Records shown:
• • • •

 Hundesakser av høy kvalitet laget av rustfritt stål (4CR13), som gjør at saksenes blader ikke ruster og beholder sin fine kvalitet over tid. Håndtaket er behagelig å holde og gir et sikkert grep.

• • • •

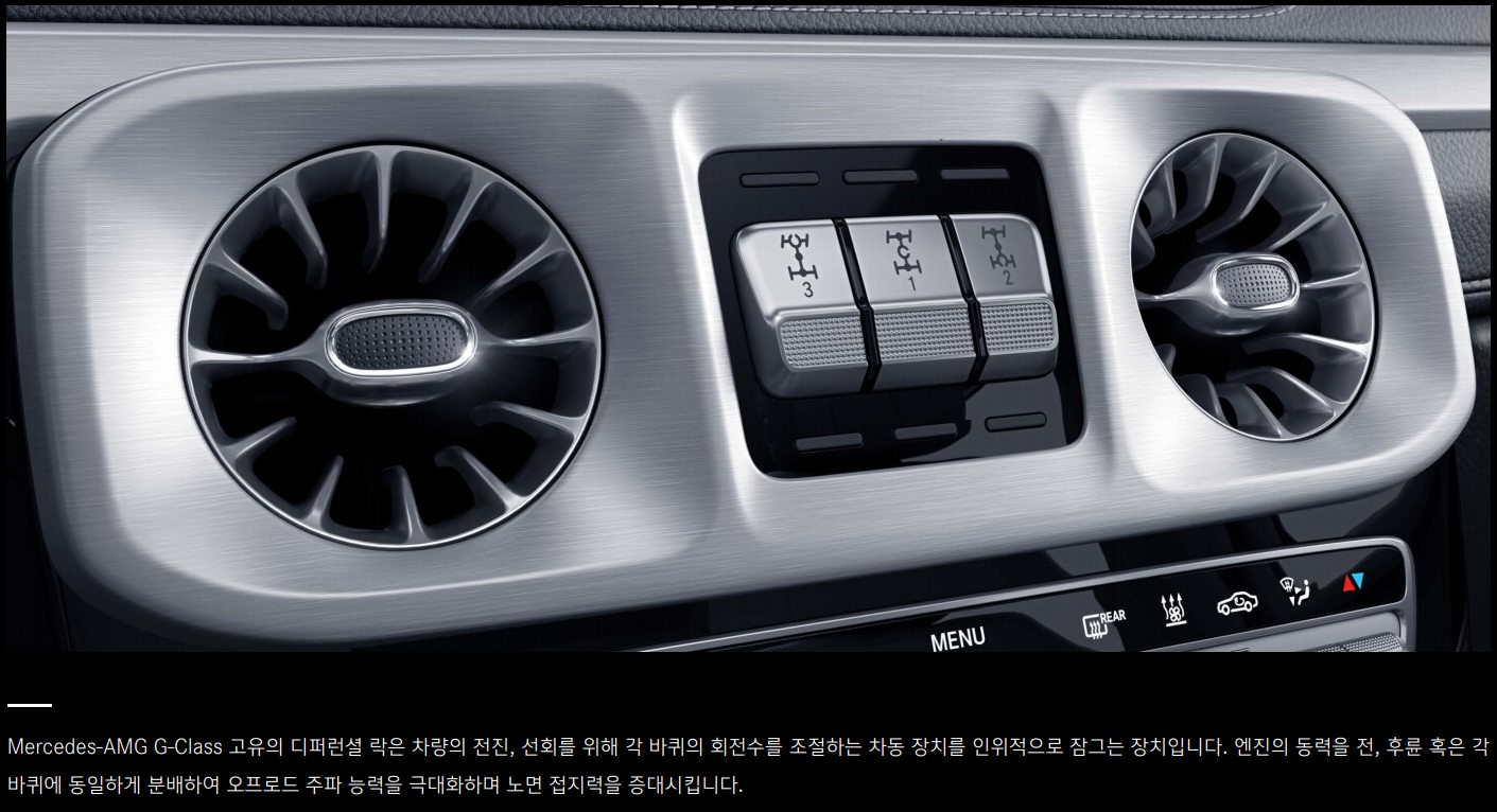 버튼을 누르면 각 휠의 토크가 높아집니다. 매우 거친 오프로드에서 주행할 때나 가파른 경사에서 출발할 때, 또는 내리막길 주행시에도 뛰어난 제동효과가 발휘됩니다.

• • • •

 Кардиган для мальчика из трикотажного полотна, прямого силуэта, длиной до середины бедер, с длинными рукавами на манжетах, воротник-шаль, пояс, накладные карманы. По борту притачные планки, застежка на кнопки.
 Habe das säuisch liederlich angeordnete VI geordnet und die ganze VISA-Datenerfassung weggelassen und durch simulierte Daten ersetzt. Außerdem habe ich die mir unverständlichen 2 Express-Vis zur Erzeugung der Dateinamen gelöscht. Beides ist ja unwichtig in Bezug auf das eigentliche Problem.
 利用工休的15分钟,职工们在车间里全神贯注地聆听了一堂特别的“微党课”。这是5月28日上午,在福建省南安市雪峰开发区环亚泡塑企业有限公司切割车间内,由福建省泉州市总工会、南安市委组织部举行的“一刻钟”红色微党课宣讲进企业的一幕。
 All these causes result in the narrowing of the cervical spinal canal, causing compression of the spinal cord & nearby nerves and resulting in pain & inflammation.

• • • •

Aim of the exercise: Of the lines above, output exactly those from the line bearing "Habe das säuisch" through the line bearing "All these causes", inclusive.

Response to the exercise:
 Habe das säuisch liederlich angeordnete VI geordnet und die ganze VISA-Datenerfassung weggelassen und durch simulierte Daten ersetzt. Außerdem habe ich die mir unverständlichen 2 Express-Vis zur Erzeugung der Dateinamen gelöscht. Beides ist ja unwichtig in Bezug auf das eigentliche Problem.
 利用工休的15分钟,职工们在车间里全神贯注地聆听了一堂特别的“微党课”。这是5月28日上午,在福建省南安市雪峰开发区环亚泡塑企业有限公司切割车间内,由福建省泉州市总工会、南安市委组织部举行的“一刻钟”红色微党课宣讲进企业的一幕。
 All these causes result in the narrowing of the cervical spinal canal, causing compression of the spinal cord & nearby nerves and resulting in pain & inflammation.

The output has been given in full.